Grants and Contributions:

Title:
Localization of Wireless Terminals via Deep Learning
Agreement Number:
RGPIN
Agreement Value:
$140,000.00
Agreement Date:
May 10, 2017 -
Organization:
Natural Sciences and Engineering Research Council of Canada
Location:
Ontario, CA
Reference Number:
GC-2017-Q1-03385
Agreement Type:
Grant
Report Type:
Grants and Contributions
Additional Information:

Grant or Award spanning more than one fiscal year. (2017-2018 to 2022-2023)

Recipient's Legal Name:
Valaee, Shahrokh (University of Toronto)
Program:
Discovery Grants Program - Individual
Program Purpose:

Localization of wireless terminals has gained momentum over the last few years. Many applications are now being developed that provide location based services. Google map, Find My iPhone, Virtual Reality Headsets, and Pokémon Go are some examples of applications that use location information. Various new applications will be developed when 5G, Internet-of-Things, and Smart Cities technologies become available. Unfortunately, the GPS service is not available in indoors, or is very inaccurate in areas blocked by tall buildings such as downtown cores in major cities. New technologies should be developed to complement GPS and provide location estimation ubiquitously.

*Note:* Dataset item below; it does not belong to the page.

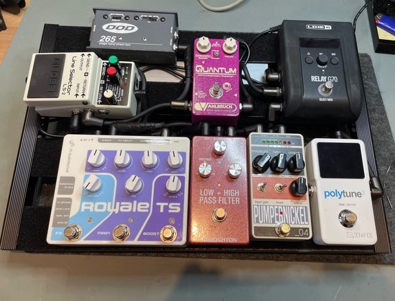 Auf das zweite Board kommt der Growling Krizzly, der Paranoia und ev. ein Chorus, dazu ein Line 6 G50, Tuner und DI-Box.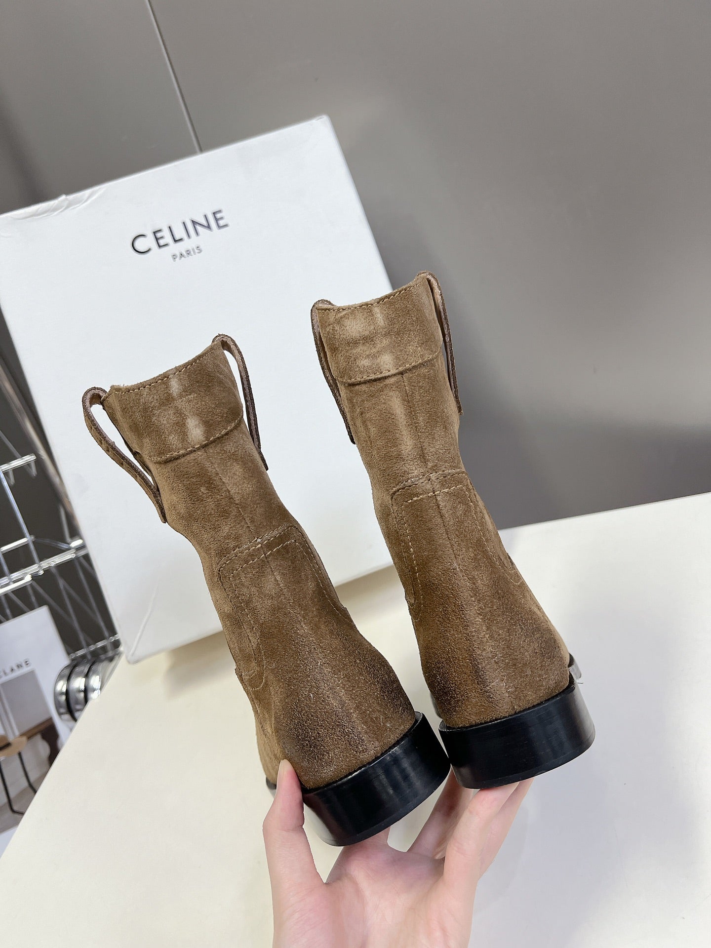 CELINE 25 cowboy boots light brown suede 434411

Our research at the University of Toronto has been on location finding in recent past. We have developed new localization technologies based on received signal strength (RSS) using advance signal processing methods such as Compressive Sensing. We have studied WiFi received signal strength based localizations and tracking, device diversity through unsupervised learning, and crowdsourcing. We have two patented technologies and a pending patent application. Currently, we are working on location finding via image and video signal processing.

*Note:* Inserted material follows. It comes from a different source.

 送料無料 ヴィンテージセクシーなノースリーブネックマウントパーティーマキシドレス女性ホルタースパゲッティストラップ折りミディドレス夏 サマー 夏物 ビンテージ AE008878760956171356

The proposed research activity will be the continuation and refinement of our previous research. New studies have shown that using channel state information (CSI) of WiFi signals can give a significant gain in location accuracy, and that a single access point is sufficient to have decimeter level localization accuracy. There are, however, a few shortcomings in the reported literature that limits the application of these methods in practice. The method is only applicable to a pair of nodes, uses the whole ISM band in 2.4 GHz and 5.8 GHz, and its range is limited. Our work will answer some of the open problems in the application of CSI. We will use Deep Learning methods for location finding on RSS and CSI. Deep learning has gained momentum in tackling difficult problems such as voice and video classification, big data, and medical imaging. A deep neural network can extract a wide range of complex features that can be used in regression and classification. Our goal is to develop effective location finding methods that can locate users at decimeter level accuracy operating on off-the-shelf phones without any specialized hardware.